The first two radio singles are two of nine songs Lington and his producer, Barry Eastmond, co-wrote for Silver Lining. In addition to Lington's alto sax and Eastmond's keyboards on all tracks, the participating musicians include Paul Jackson Jr. and Ray Parker Jr. on guitars, Freddie Washington and Alex Al sharing bass duties, Teddy Campbell on drums, Lenny Castro on percussion, and a number of other musicians appearing on other tracks – including one of the original FunkBrothers, Jack Ashford.

Stax soul legend William Bell, a 2017 Grammy-winner, sings lead on Lington's version of the Curtis Mayfield-penned "People Get Ready" and Dorian Holley handles vocals on the classic Tower of Power hit "So Very Hard to Go."

Silver Lining was recorded live at several studios, including Sunset Sound in Los Angeles and Royal Studios in Memphis.

==Touring==
Lington has toured regularly his entire career, averaging 60-80 shows per year. From 2010 to 2013, Lington joined Michael Bolton on tour as his opening act & special guest. Lington and Bolton performed over 350 shows together in more than 40 countries. Venues on the tour included Royal Albert Hall, Sydney Opera House, Universal Amphitheatre, and the Kuwaiti Embassy in Washington, D.C. (where they performed for President Bill Clinton).

In February 2016, Barry Manilow invited Lington to join his "One Last Time" arena tour. Lington opened the show and joined Manilow on the song "Brooklyn Blues" during the headliner's main set. In April 2018, it was announced that Michael Lington will join Barry Manilow once again as his opening act starting June 8 at Wolf Trap in Vienna, Virginia.

In Nov. 2016, Lington performed for the Memphis Music Hall Of Fame ceremony, honoring 2016 inductee, (Memphis saxophonist) Charles Lloyd. Stax Records soul singer William Bell and Snoop Dogg also performed at the induction ceremony.

In December 2019, Lington joined the Dave Koz and Friends; Gifts Of The Season Christmas tour alongside Koz, Jonathan Butler, Melissa Manchester and Chris Walker. The tour traveled across the U.S. between November 29 and December 23, 2019.

Lington was nominated for International Instrumentalist of the Year at the 2009 Canadian Smooth Jazz Awards.

Lington is signed to Reliant Talent Agency for worldwide representation and has a publishing administration deal with Kobalt Music Publishing.
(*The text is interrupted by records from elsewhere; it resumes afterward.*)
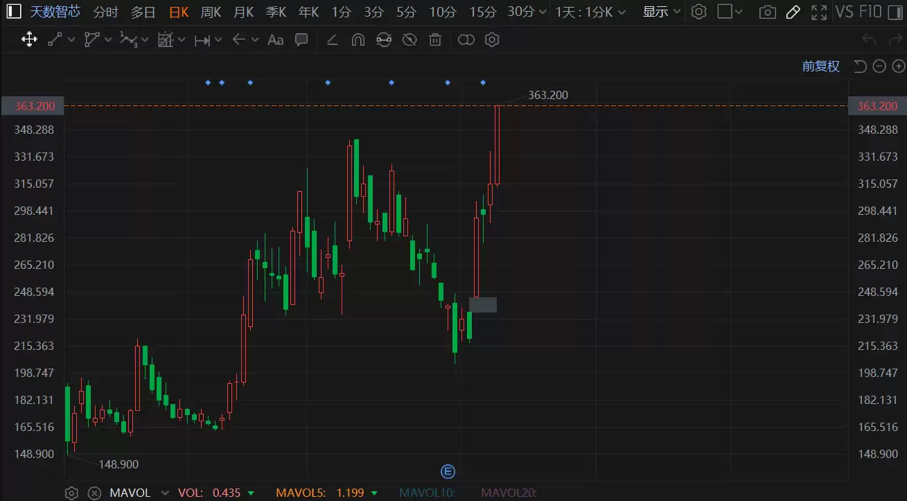 港股市场今日迎来显著亮点。中国通用GPU与人工智能算力方案商天数智芯(9903.HK)股价强势上扬,单日涨幅突破15%,收报363.2港元,创下上市以来历史最高纪录。尤为引人注目的是,其股价在过去一个月内累计涨幅已超70%,公司总市值也随之站上920亿港元的新台阶。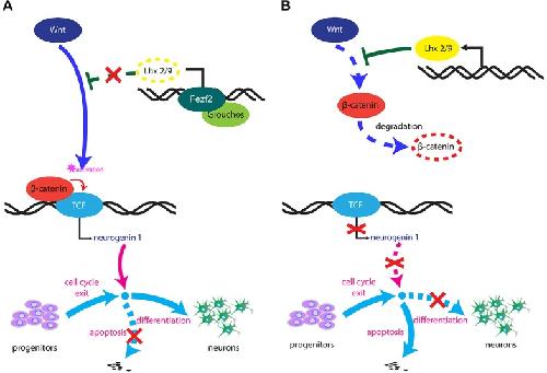 Fig. 6. Mechanistic model of Fezf2 function in the forebrain. (A) In the presence of Fezf2. Fezf2 interacts with Groucho-family repressors and inhibits the expression of lhx2/lhx9. Consequently, β-catenin binds to the Tcf complex and Wnt signalling is activated, promoting the expression of neurogenin 1 and thus stimulating neuronal differentiation. (B) In the absence of Fezf2. Lhx2/Lhx9 inhibits Wnt signalling, resulting in the degradation of β-catenin. In the absence of β-catenin, the Tcf complex is maintained in a repressive state. This repressive Tcf complex inhibits neurogenin 1 expression, thus inhibiting neurogenesis. Progenitor cells that have exited the proliferation state cannot differentiate and thus enter apoptosis. |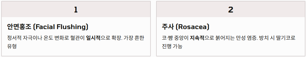 | 구분 | 안면홍조 | 주사 (Rosacea) | 지루성 피부염 |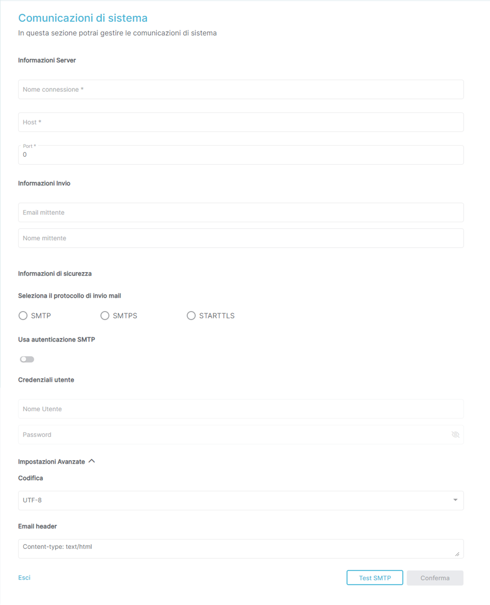 - Permette di inserire un header personalizzato per le e-mail inviate dal server di Posta

He is an ASCAP songwriter/publisher and a 25-year voting member of the Recording Academy (NARAS). He is a Yamaha Saxophone and Vandoren reeds performing artist.

==Personal life==
Lington lives in Southern California and is married to Keri Murphy. They have 2 children, Landon and Lauren.

==Discography==
- 1997: Michael Lington
- 2000: Vivid
- 2002: Everything Must Change
- 2004: Stay With Me
- 2006: A Song For You
- 2008: Heat
- 2012: Pure
- 2014: Soul Appeal
- 2016: Second Nature
- 2018: Silver Lining
- 2019: A Foreign Affair Christmas
- 2021: Alone Together - The Duets
- 2023: Looking Ahead (EP)
- 2025: On The Scene (EP)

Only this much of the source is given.